Summary

■ Urethrovesical anastomosis is one of the most demanding steps of the whole laparoscopic prostatectomy.

■ The pubic bone impairs the visibility and the access to the urethral stump making the placement of the sutures difficult.

■ The preserved length of the urethra is essential to the quality of the urethrovesical anastomosis.

■ Relative preservation of the bladder neck contributes to the feasibility of the anastomosis.

■ The best and easiest anastomoses are obtained through an iterative sequence of maneuvers, ensuring an optimal management of the needle exchange between both needle holders.

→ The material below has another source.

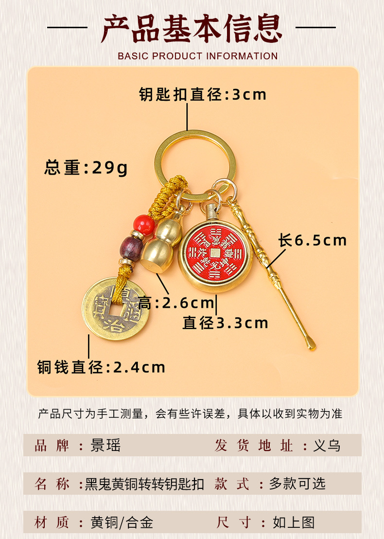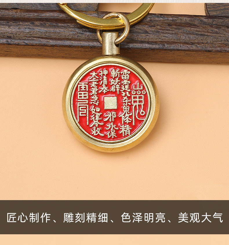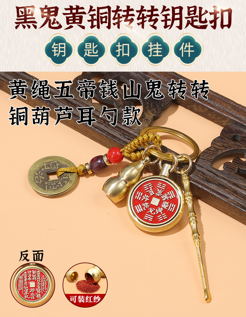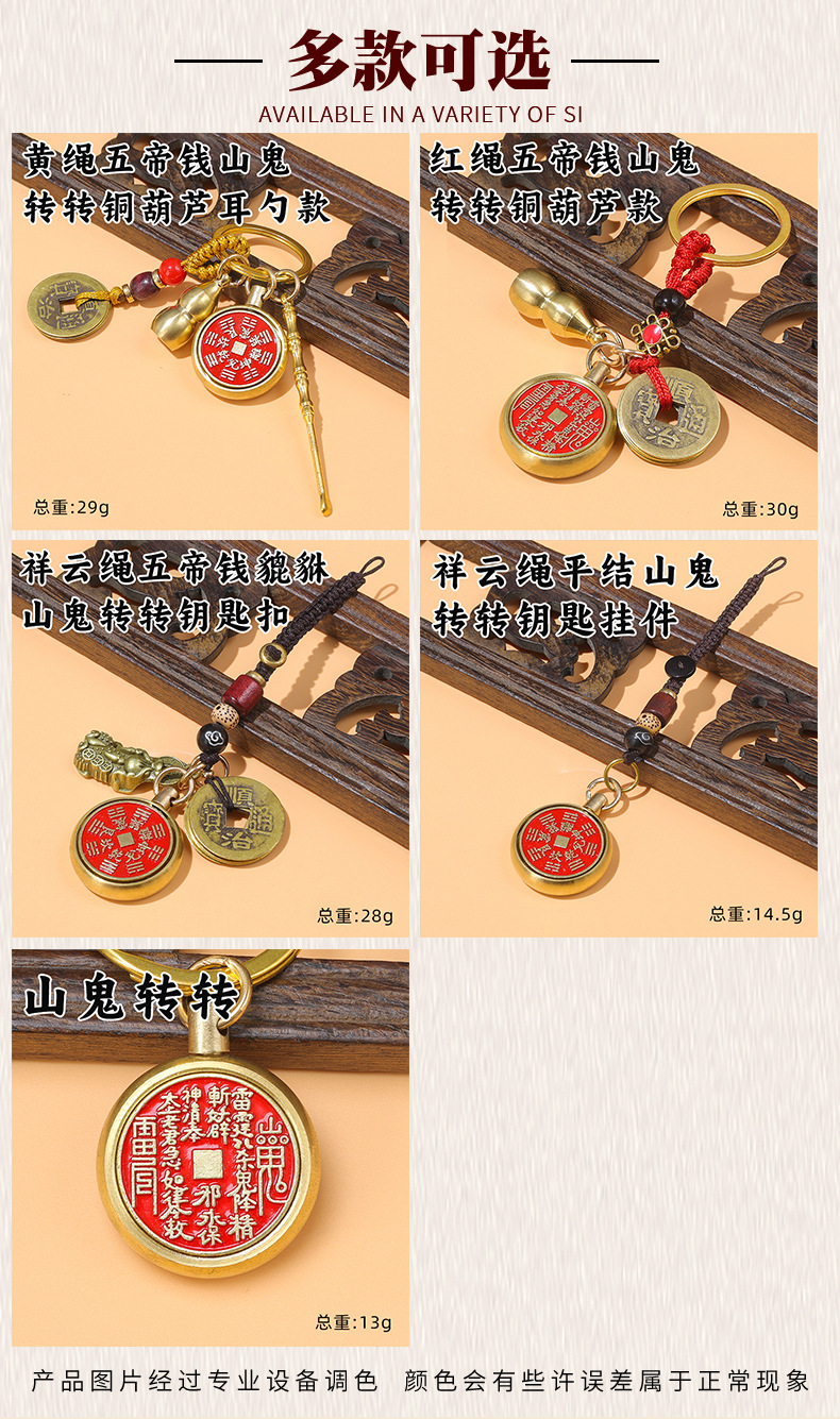 黄铜山鬼花钱钥匙扣五帝钱山鬼转转朱砂钥匙挂件祥云五帝铜钱挂件

■ In laparoscopic vesicourethral anastomosis, the main difficulty may still reside in the tying of the first knot; this step must successfully achieve two main goals, as the approximation of the bladder as well as the adequate start point of an immediately watertight anastomosis. The use of two hemicircumferential running sutures instead of interrupted sutures greatly simplified a crucial part of laparoscopic radical prostatectomy. Such technical advances made laparoscopic prostatectomy coming closer to the operating times of open radical prostatectomy while reducing postoperative morbidity.

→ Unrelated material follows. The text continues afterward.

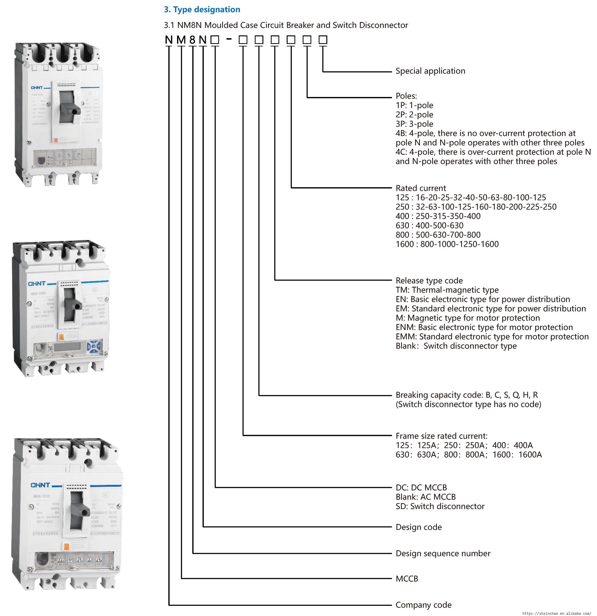 Chint NM8N Molded Case Circuit Breaker NM8N-125S NM8N-250S NM8N-400S NM8N-630S NM8N-800S NM8N-1600S TM EN 1P 2P 3P 4P CHNT MCCB
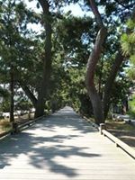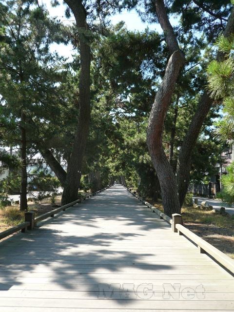 両側に松が続く遊歩道で、頭の上から照りつける陽射しに、浜からの風が実に心地よいのです。

■ The "single knot" running urethrovesical anastomosis described offers another simplifying step to the laparoscopic surgeon interested in performing laparoscopic radical prostatectomy. The method is easy to learn and perform, is watertight and appears to have a low risk of bladder neck contracture. This may enable surgeons with limited suturing experience to master this difficult technical step, unavoidably located at the end of a very challenging procedure.